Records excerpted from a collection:
☆ ☆ ☆ ☆ ☆ ☆ ☆

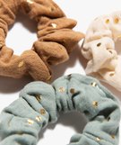 Un lot de 3 chouchous pour les cheveux en gaze de coton ornés de petits pois scintillants. Des accessoires de coiffure fille qui permettront la création de queues de cheval, de chignons et de couettes. Ce lot se compose de 3 élastiques cheveux de couleurs différentes à porter ensemble ou séparément.
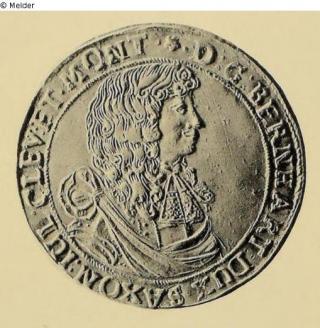 Bernhard von Sachsen-Jena. 1662 – 78. Fünffacher Golddukat. 1673. Vorders.: Brustbild. Rücks.: Wappen und Umschrift: DEO DUCE COMITE FORTUNA.
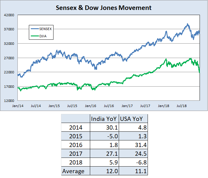 - A look at Dow Jones Industrial Average (USA) and Sensex, see Fig 3, indicates that over the longer term there is a similar pattern. However in the shorter duration the movements could be more influenced by domestic factors playing out.
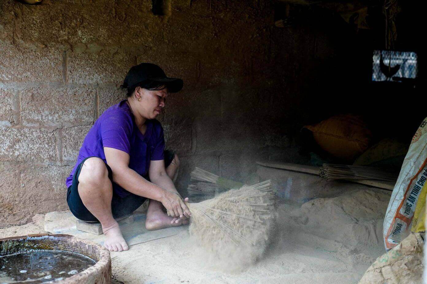 Người thì đi hái lá cây bầu hắt trên rừng về phơi khô,tán nhỏ để dùng làm chất keo kết dính. Còn có người lại đi gom vỏ cây nghiến đỏ,mùn cưa để làm bột hương hay tìm gỗ thông mục đem về nghiền nát thành bột để tạo màu.
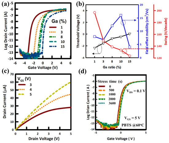 To test the electrical stability of the IGTO TFT, the PBTS (at VGS = 5 V for 1 h) on the TFT performances was investigated. The evaluation of the transfer curve of IGTO TFT under PBTS for 1 h, shows the threshold voltage shift (ΔVTH) of less than 0.4 V, as can be seen in Figure 5d. Small VTH shift indicates fewer electron traps at the interface between the gate dielectric and the semiconductor channel layers [5,10,13,14,16]. The interfacial trap density was calculated for the IGTO TFT at different stress times from 0 to 3600 s; negligible change in trap density obtained after 1 h of bias stress is shown in Figure 4d. Note the insignificant change in SS even after bias stress because of fewer trap states at the interface [2,3,10,11,12,13,24,25,26,27]. Comparison of the electrical properties of oxide TFTs using spray pyrolysis appears in the literature [17,18,19,20,21,26] (Table 1). The improvement in the electrical properties is due to its better interface quality with the GI because of fewer interfacial defects [25,26]. Therefore, it is concluded that the better electrical properties of IGTO TFTs can be achieved by optimizing the Ga ratio.
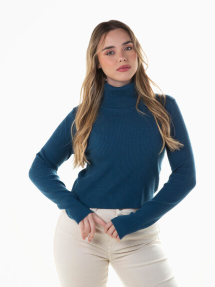 Camisola malha canelada gola alta dobrada

☆ ☆ ☆ ☆ ☆ ☆ ☆

#### [What the task requires]
Once the pictures are set aside, output all of the data above verbatim.

#### [Written answer]
 Un lot de 3 chouchous pour les cheveux en gaze de coton ornés de petits pois scintillants. Des accessoires de coiffure fille qui permettront la création de queues de cheval, de chignons et de couettes. Ce lot se compose de 3 élastiques cheveux de couleurs différentes à porter ensemble ou séparément.
 Bernhard von Sachsen-Jena. 1662 – 78. Fünffacher Golddukat. 1673. Vorders.: Brustbild. Rücks.: Wappen und Umschrift: DEO DUCE COMITE FORTUNA.
 - A look at Dow Jones Industrial Average (USA) and Sensex, see Fig 3, indicates that over the longer term there is a similar pattern. However in the shorter duration the movements could be more influenced by domestic factors playing out.
 Người thì đi hái lá cây bầu hắt trên rừng về phơi khô,tán nhỏ để dùng làm chất keo kết dính. Còn có người lại đi gom vỏ cây nghiến đỏ,mùn cưa để làm bột hương hay tìm gỗ thông mục đem về nghiền nát thành bột để tạo màu.
 To test the electrical stability of the IGTO TFT, the PBTS (at VGS = 5 V for 1 h) on the TFT performances was investigated. The evaluation of the transfer curve of IGTO TFT under PBTS for 1 h, shows the threshold voltage shift (ΔVTH) of less than 0.4 V, as can be seen in Figure 5d. Small VTH shift indicates fewer electron traps at the interface between the gate dielectric and the semiconductor channel layers [5,10,13,14,16]. The interfacial trap density was calculated for the IGTO TFT at different stress times from 0 to 3600 s; negligible change in trap density obtained after 1 h of bias stress is shown in Figure 4d. Note the insignificant change in SS even after bias stress because of fewer trap states at the interface [2,3,10,11,12,13,24,25,26,27]. Comparison of the electrical properties of oxide TFTs using spray pyrolysis appears in the literature [17,18,19,20,21,26] (Table 1). The improvement in the electrical properties is due to its better interface quality with the GI because of fewer interfacial defects [25,26]. Therefore, it is concluded that the better electrical properties of IGTO TFTs can be achieved by optimizing the Ga ratio.
 Camisola malha canelada gola alta dobrada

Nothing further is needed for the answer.